[Dataset excerpts]
══════
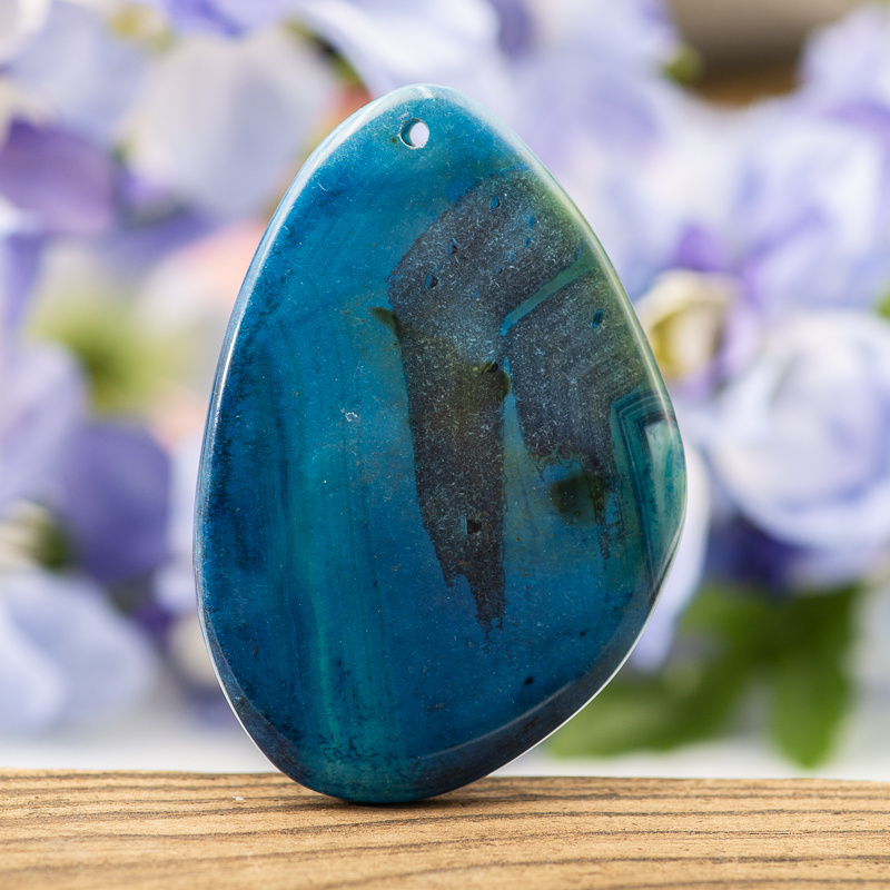 Zawieszka agatu. Obustronnie polerowana z przewierconym otworem od frontu.
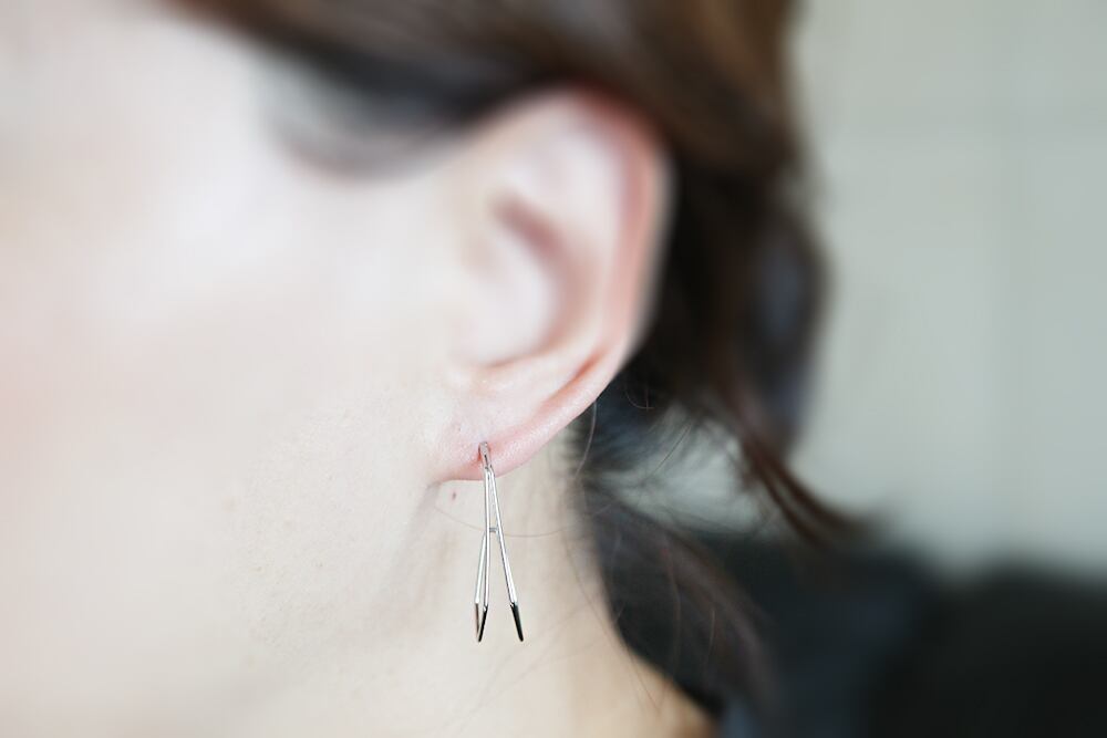 ERG-2533-R/2Pcs-Round Ear Post/ 15mm x 32mm /Rhodium Plated over Brass,Stainless Post
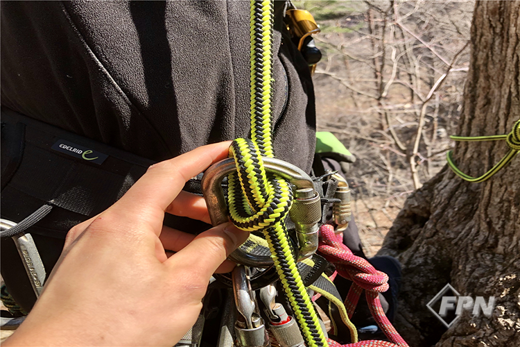 “로프를 이용한 하강 시 로프 끝에 이르면 매듭을 짓고(만들고) 기다려라”는 표현이 있다. 이는 암벽이나 빙벽 등반은 물론 수목 관리를 위한 더블로프테크닉(DdRT)을 이용해 나무에서 내려오는 작업자와 깊은 관련이 있다.
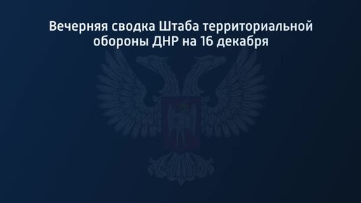 Вечерняя сводка Штаба территориальной обороны ДНР на 16 декабря 2022 года
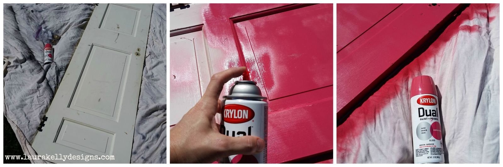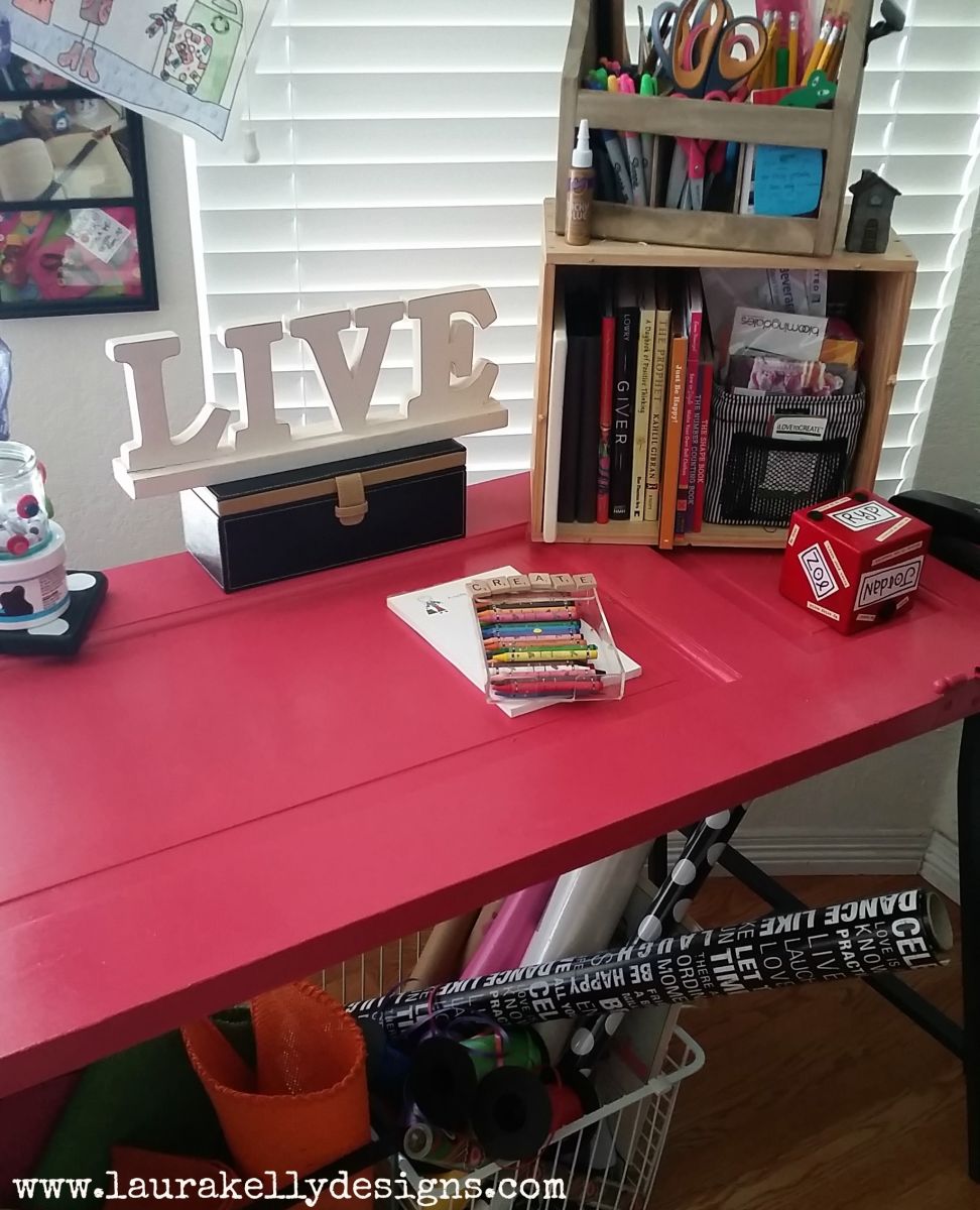 Learn How to Turn a Door into a Desk with this easy project. Laura used a door from her first home with her husband which makes this project extra special. Transform an old door with Krylon spray paint and give it a new purpose as a craft table in your home.
══════
Assignment
Please return exactly, and only, the lines from the one containing "작업자와 깊은 관련이 있다." through the end of the records, with both end lines kept and every picture dropped.

Reply to the exercise
 “로프를 이용한 하강 시 로프 끝에 이르면 매듭을 짓고(만들고) 기다려라”는 표현이 있다. 이는 암벽이나 빙벽 등반은 물론 수목 관리를 위한 더블로프테크닉(DdRT)을 이용해 나무에서 내려오는 작업자와 깊은 관련이 있다.
 Вечерняя сводка Штаба территориальной обороны ДНР на 16 декабря 2022 года
 Learn How to Turn a Door into a Desk with this easy project. Laura used a door from her first home with her husband which makes this project extra special. Transform an old door with Krylon spray paint and give it a new purpose as a craft table in your home.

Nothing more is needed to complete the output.